Task item >> The required output is the lines below from the line containing "2カラー フリル ワンショルダー プルオーバー ゆったり ニット セーター *ks050" to the line containing "La aplicación es", inclusive, retyped exactly. No other lines belong in it.

Supplied entries >>

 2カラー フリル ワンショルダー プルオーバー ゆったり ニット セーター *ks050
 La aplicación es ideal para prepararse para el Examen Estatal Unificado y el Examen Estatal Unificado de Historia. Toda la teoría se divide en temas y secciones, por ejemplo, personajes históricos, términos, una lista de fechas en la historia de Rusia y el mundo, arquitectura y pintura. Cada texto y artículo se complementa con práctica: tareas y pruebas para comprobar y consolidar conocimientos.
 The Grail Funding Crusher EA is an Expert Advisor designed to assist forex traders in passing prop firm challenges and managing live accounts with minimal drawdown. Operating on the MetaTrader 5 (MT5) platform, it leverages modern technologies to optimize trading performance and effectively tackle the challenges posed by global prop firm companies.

==

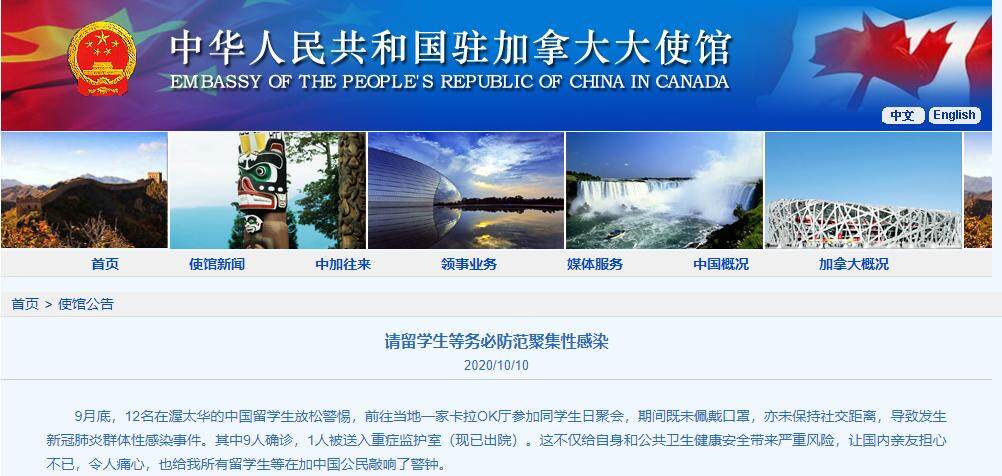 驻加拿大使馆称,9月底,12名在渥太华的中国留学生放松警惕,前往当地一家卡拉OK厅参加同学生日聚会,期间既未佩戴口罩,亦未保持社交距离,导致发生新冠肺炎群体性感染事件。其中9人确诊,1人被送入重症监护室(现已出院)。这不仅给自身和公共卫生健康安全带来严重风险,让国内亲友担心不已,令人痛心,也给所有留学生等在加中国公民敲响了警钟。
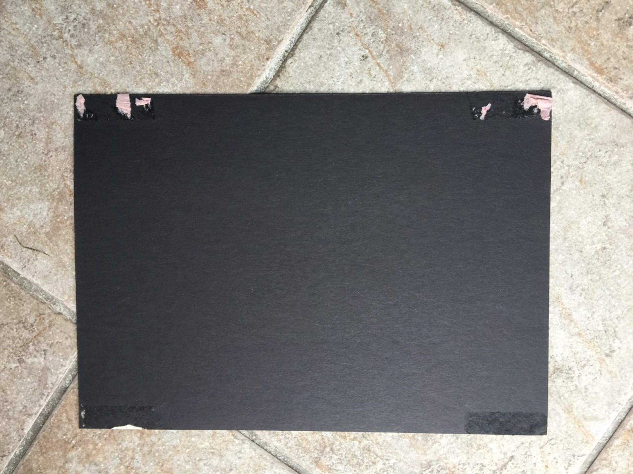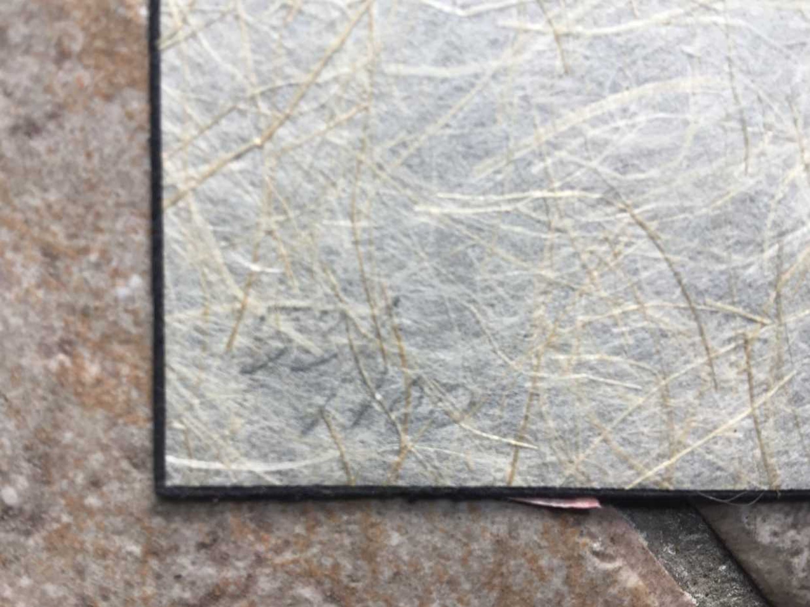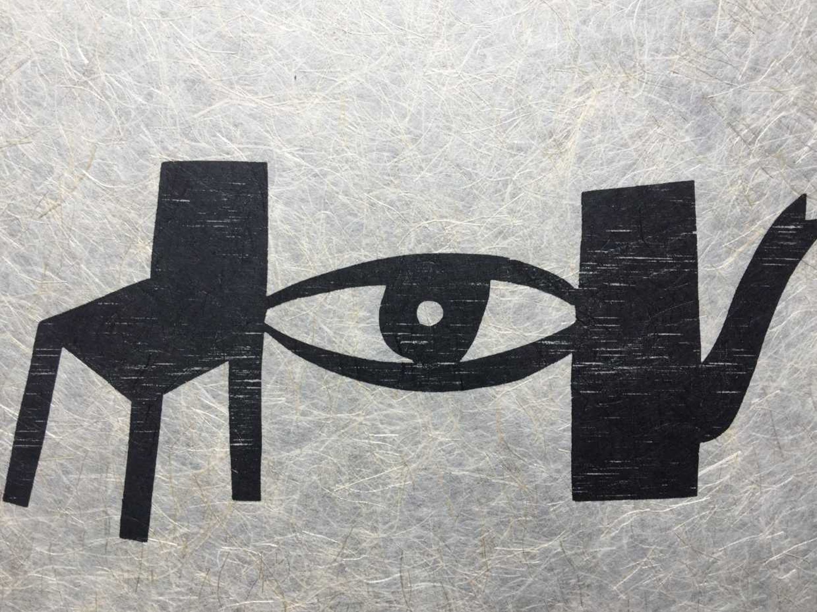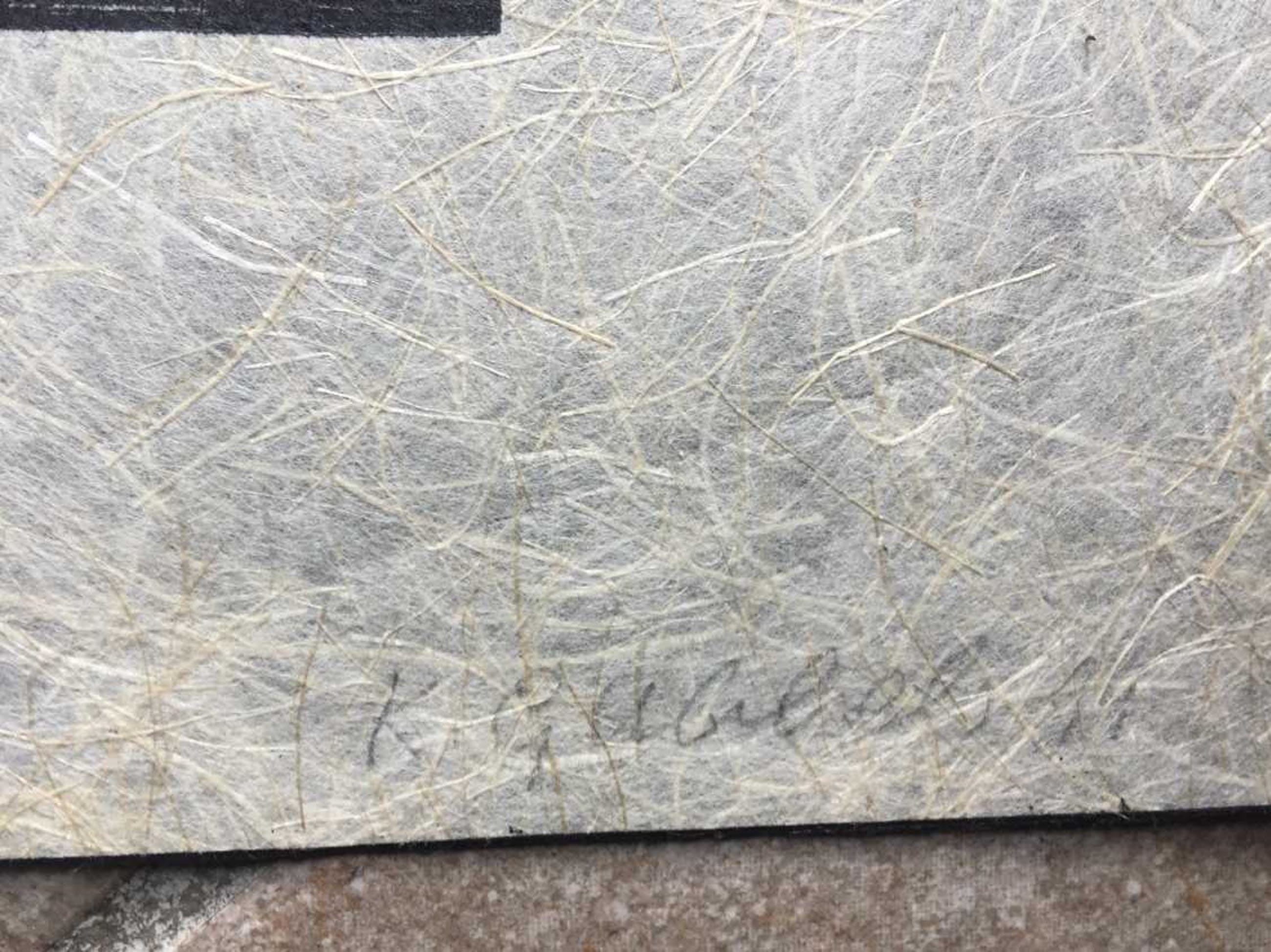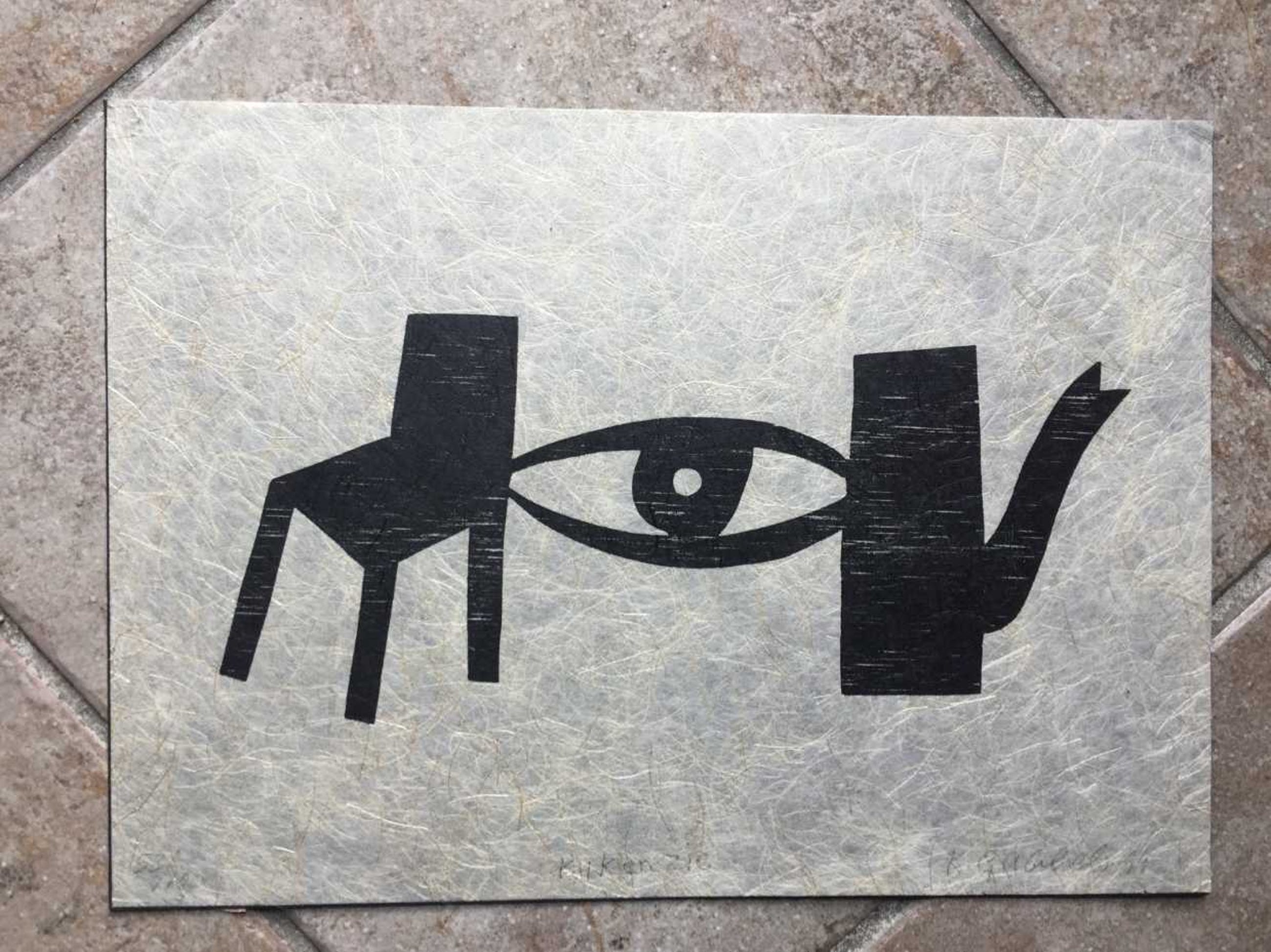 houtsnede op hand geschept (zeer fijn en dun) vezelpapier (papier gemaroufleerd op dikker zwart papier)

* * *

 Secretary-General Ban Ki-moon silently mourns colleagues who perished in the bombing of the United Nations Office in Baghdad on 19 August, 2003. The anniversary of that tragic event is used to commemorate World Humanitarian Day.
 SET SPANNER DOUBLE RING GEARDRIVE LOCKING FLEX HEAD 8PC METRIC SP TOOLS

Problem solution >>
 2カラー フリル ワンショルダー プルオーバー ゆったり ニット セーター *ks050
 La aplicación es ideal para prepararse para el Examen Estatal Unificado y el Examen Estatal Unificado de Historia. Toda la teoría se divide en temas y secciones, por ejemplo, personajes históricos, términos, una lista de fechas en la historia de Rusia y el mundo, arquitectura y pintura. Cada texto y artículo se complementa con práctica: tareas y pruebas para comprobar y consolidar conocimientos.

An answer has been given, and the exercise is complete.